DATA LISTING:

------------------------------------------------

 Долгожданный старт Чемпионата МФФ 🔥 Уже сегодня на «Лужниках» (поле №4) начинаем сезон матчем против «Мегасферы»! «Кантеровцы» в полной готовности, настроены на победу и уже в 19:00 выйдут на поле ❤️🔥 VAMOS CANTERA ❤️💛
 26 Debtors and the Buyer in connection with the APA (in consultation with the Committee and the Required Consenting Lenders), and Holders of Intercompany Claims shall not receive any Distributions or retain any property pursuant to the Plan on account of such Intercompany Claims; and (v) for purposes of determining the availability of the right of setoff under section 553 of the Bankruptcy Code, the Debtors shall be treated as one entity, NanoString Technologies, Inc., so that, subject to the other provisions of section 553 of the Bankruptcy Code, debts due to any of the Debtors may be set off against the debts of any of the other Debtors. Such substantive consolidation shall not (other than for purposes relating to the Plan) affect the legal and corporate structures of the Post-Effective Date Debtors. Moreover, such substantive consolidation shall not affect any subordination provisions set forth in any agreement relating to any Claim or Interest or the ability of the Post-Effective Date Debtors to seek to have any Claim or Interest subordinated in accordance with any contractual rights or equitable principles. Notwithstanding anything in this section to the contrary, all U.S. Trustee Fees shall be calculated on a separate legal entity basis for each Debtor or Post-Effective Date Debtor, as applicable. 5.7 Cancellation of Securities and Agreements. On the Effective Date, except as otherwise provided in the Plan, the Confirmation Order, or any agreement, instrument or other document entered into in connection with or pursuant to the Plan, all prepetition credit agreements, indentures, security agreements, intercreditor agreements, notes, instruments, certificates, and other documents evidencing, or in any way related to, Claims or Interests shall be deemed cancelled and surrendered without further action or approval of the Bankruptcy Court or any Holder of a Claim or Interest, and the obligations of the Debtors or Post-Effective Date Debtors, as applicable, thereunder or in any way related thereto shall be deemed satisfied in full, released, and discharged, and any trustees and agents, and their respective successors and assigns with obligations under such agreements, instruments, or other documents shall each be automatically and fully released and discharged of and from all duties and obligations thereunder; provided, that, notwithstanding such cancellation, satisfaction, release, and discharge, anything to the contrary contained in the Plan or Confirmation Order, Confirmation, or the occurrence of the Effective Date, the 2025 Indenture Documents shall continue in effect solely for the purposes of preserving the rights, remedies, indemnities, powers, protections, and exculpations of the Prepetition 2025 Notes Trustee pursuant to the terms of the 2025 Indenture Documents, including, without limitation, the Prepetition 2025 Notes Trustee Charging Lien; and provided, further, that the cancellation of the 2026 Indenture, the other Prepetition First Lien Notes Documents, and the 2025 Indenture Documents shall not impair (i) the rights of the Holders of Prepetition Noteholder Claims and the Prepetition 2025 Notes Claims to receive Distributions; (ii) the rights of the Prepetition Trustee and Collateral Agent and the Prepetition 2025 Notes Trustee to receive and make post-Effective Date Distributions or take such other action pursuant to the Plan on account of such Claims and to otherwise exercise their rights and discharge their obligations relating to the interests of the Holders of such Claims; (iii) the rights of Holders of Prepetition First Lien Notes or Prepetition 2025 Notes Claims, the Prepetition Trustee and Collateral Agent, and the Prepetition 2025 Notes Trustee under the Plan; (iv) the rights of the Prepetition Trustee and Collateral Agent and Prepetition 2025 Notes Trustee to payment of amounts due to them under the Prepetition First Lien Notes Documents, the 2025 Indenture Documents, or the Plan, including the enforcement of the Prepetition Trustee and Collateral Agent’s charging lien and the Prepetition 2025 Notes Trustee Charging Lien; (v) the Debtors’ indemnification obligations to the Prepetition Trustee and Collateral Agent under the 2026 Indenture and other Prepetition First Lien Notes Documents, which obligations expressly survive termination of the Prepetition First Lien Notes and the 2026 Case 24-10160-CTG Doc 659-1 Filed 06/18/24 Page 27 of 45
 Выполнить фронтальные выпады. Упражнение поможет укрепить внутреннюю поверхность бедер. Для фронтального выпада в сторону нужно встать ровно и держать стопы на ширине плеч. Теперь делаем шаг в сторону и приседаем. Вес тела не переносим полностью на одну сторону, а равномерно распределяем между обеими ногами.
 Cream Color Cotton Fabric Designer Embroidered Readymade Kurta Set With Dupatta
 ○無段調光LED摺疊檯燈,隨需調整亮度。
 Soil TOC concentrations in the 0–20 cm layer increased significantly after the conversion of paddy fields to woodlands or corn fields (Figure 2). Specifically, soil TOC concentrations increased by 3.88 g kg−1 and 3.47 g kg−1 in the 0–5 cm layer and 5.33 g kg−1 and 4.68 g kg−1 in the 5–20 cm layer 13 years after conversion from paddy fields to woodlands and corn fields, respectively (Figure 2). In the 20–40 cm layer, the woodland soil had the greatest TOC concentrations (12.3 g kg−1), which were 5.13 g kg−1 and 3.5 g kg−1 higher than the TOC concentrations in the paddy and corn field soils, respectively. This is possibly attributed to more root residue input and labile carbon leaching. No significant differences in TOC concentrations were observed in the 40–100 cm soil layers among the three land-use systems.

------------------------------------------------

WHAT TO WORK ON: What you give back must match the material word for word.

ANSWER TO THE PROBLEM:
 Долгожданный старт Чемпионата МФФ 🔥 Уже сегодня на «Лужниках» (поле №4) начинаем сезон матчем против «Мегасферы»! «Кантеровцы» в полной готовности, настроены на победу и уже в 19:00 выйдут на поле ❤️🔥 VAMOS CANTERA ❤️💛
 26 Debtors and the Buyer in connection with the APA (in consultation with the Committee and the Required Consenting Lenders), and Holders of Intercompany Claims shall not receive any Distributions or retain any property pursuant to the Plan on account of such Intercompany Claims; and (v) for purposes of determining the availability of the right of setoff under section 553 of the Bankruptcy Code, the Debtors shall be treated as one entity, NanoString Technologies, Inc., so that, subject to the other provisions of section 553 of the Bankruptcy Code, debts due to any of the Debtors may be set off against the debts of any of the other Debtors. Such substantive consolidation shall not (other than for purposes relating to the Plan) affect the legal and corporate structures of the Post-Effective Date Debtors. Moreover, such substantive consolidation shall not affect any subordination provisions set forth in any agreement relating to any Claim or Interest or the ability of the Post-Effective Date Debtors to seek to have any Claim or Interest subordinated in accordance with any contractual rights or equitable principles. Notwithstanding anything in this section to the contrary, all U.S. Trustee Fees shall be calculated on a separate legal entity basis for each Debtor or Post-Effective Date Debtor, as applicable. 5.7 Cancellation of Securities and Agreements. On the Effective Date, except as otherwise provided in the Plan, the Confirmation Order, or any agreement, instrument or other document entered into in connection with or pursuant to the Plan, all prepetition credit agreements, indentures, security agreements, intercreditor agreements, notes, instruments, certificates, and other documents evidencing, or in any way related to, Claims or Interests shall be deemed cancelled and surrendered without further action or approval of the Bankruptcy Court or any Holder of a Claim or Interest, and the obligations of the Debtors or Post-Effective Date Debtors, as applicable, thereunder or in any way related thereto shall be deemed satisfied in full, released, and discharged, and any trustees and agents, and their respective successors and assigns with obligations under such agreements, instruments, or other documents shall each be automatically and fully released and discharged of and from all duties and obligations thereunder; provided, that, notwithstanding such cancellation, satisfaction, release, and discharge, anything to the contrary contained in the Plan or Confirmation Order, Confirmation, or the occurrence of the Effective Date, the 2025 Indenture Documents shall continue in effect solely for the purposes of preserving the rights, remedies, indemnities, powers, protections, and exculpations of the Prepetition 2025 Notes Trustee pursuant to the terms of the 2025 Indenture Documents, including, without limitation, the Prepetition 2025 Notes Trustee Charging Lien; and provided, further, that the cancellation of the 2026 Indenture, the other Prepetition First Lien Notes Documents, and the 2025 Indenture Documents shall not impair (i) the rights of the Holders of Prepetition Noteholder Claims and the Prepetition 2025 Notes Claims to receive Distributions; (ii) the rights of the Prepetition Trustee and Collateral Agent and the Prepetition 2025 Notes Trustee to receive and make post-Effective Date Distributions or take such other action pursuant to the Plan on account of such Claims and to otherwise exercise their rights and discharge their obligations relating to the interests of the Holders of such Claims; (iii) the rights of Holders of Prepetition First Lien Notes or Prepetition 2025 Notes Claims, the Prepetition Trustee and Collateral Agent, and the Prepetition 2025 Notes Trustee under the Plan; (iv) the rights of the Prepetition Trustee and Collateral Agent and Prepetition 2025 Notes Trustee to payment of amounts due to them under the Prepetition First Lien Notes Documents, the 2025 Indenture Documents, or the Plan, including the enforcement of the Prepetition Trustee and Collateral Agent’s charging lien and the Prepetition 2025 Notes Trustee Charging Lien; (v) the Debtors’ indemnification obligations to the Prepetition Trustee and Collateral Agent under the 2026 Indenture and other Prepetition First Lien Notes Documents, which obligations expressly survive termination of the Prepetition First Lien Notes and the 2026 Case 24-10160-CTG Doc 659-1 Filed 06/18/24 Page 27 of 45
 Выполнить фронтальные выпады. Упражнение поможет укрепить внутреннюю поверхность бедер. Для фронтального выпада в сторону нужно встать ровно и держать стопы на ширине плеч. Теперь делаем шаг в сторону и приседаем. Вес тела не переносим полностью на одну сторону, а равномерно распределяем между обеими ногами.
 Cream Color Cotton Fabric Designer Embroidered Readymade Kurta Set With Dupatta
 ○無段調光LED摺疊檯燈,隨需調整亮度。
 Soil TOC concentrations in the 0–20 cm layer increased significantly after the conversion of paddy fields to woodlands or corn fields (Figure 2). Specifically, soil TOC concentrations increased by 3.88 g kg−1 and 3.47 g kg−1 in the 0–5 cm layer and 5.33 g kg−1 and 4.68 g kg−1 in the 5–20 cm layer 13 years after conversion from paddy fields to woodlands and corn fields, respectively (Figure 2). In the 20–40 cm layer, the woodland soil had the greatest TOC concentrations (12.3 g kg−1), which were 5.13 g kg−1 and 3.5 g kg−1 higher than the TOC concentrations in the paddy and corn field soils, respectively. This is possibly attributed to more root residue input and labile carbon leaching. No significant differences in TOC concentrations were observed in the 40–100 cm soil layers among the three land-use systems.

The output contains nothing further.